4

I have a piece of code which does a comparison on array elements if they are > than a value, in SIMD-ish fashion:

void sse(uint *dst, size_t N)
{
    const __m128i condition = _mm_set1_epi32(2);

    for (uint i = 0; i < N; i += 4)
    {
        __m128i v = _mm_load_si128((__m128i *)&dst[i]);
        __m128i cmp = _mm_cmpgt_epi32(v, condition);
        v = _mm_and_si128(v, cmp);
        _mm_store_si128((__m128i *)&dst[i], v);
    }
}

Now, after the comparison, before anding elements - _mm_and_si128, I want to count elements which passed the condition, i.e. those set to '1', and store the sum in an int variable.
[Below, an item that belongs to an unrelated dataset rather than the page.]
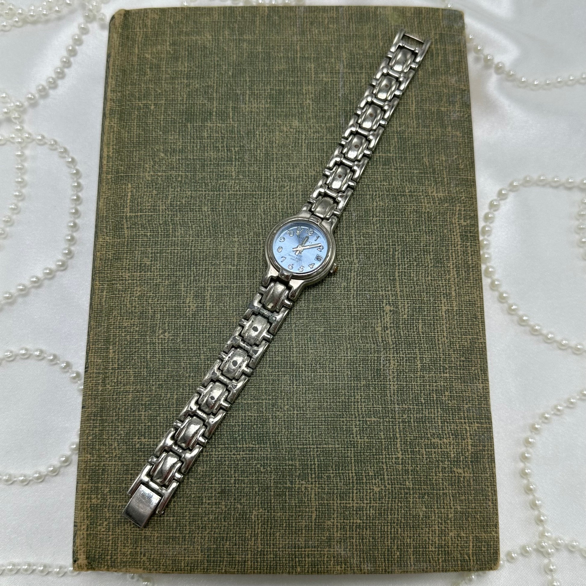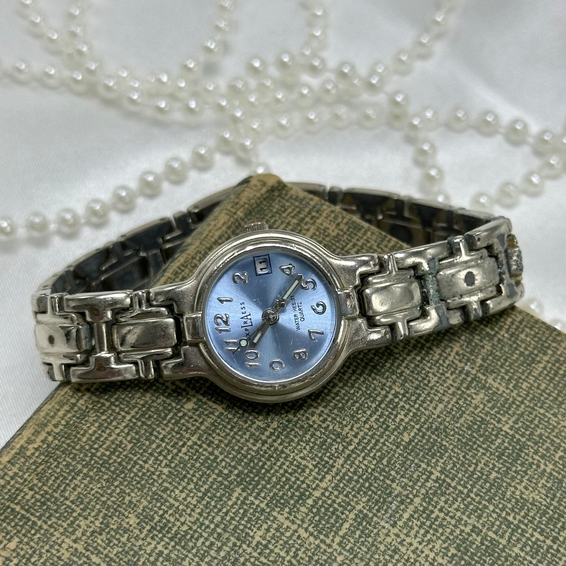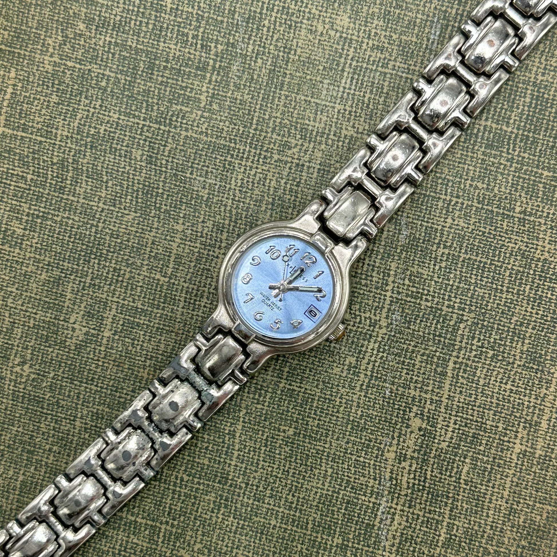 Silver tone light blue dial LA Express watch with date display and clasp band.

How can I do that in SIMD? For instance, if out of four only two passed the condition, have this int var = 2.

Paul R
  • 208,748
  • 37
  • 389
  • 560
Nik Kovac
  • 185
  • 5
  • 12
  • See also [my answer on another question](http://stackoverflow.com/a/35270026/224132) comparing different ways of doing a horizontal sum. – Peter Cordes Apr 23 '16 at 19:09

1 Answers1

7

Typically you would keep a vector count throughout the loop and then just sum the elements of the vector when the loop terminates, e.g.

#include <emmintrin.h>

uint32_t sse(const uint32_t *dst, const size_t N)
{
    const __m128i condition = _mm_set1_epi32(2);
    __m128i vcount = _mm_set1_epi32(0);
    uint32_t count = 0;

    for (size_t i = 0; i < N; i += 4)
    {
        __m128i v = _mm_load_si128((__m128i *)&dst[i]);
        __m128i vcmp = _mm_cmpgt_epi32(v, condition);
        v = _mm_and_si128(v, vcmp);
        _mm_store_si128((__m128i *)&dst[i], v);
        vcount = _mm_add_epi32(vcount, vcmp); // accumulate (negative) counts
    }
    // ... sum vcount here and store in count (see below) ...
    return count;
}

Note that we are treating each mask element as an int, i.e. 0 or -1, and so we are accumulating a sum which is the negative of the actual sum.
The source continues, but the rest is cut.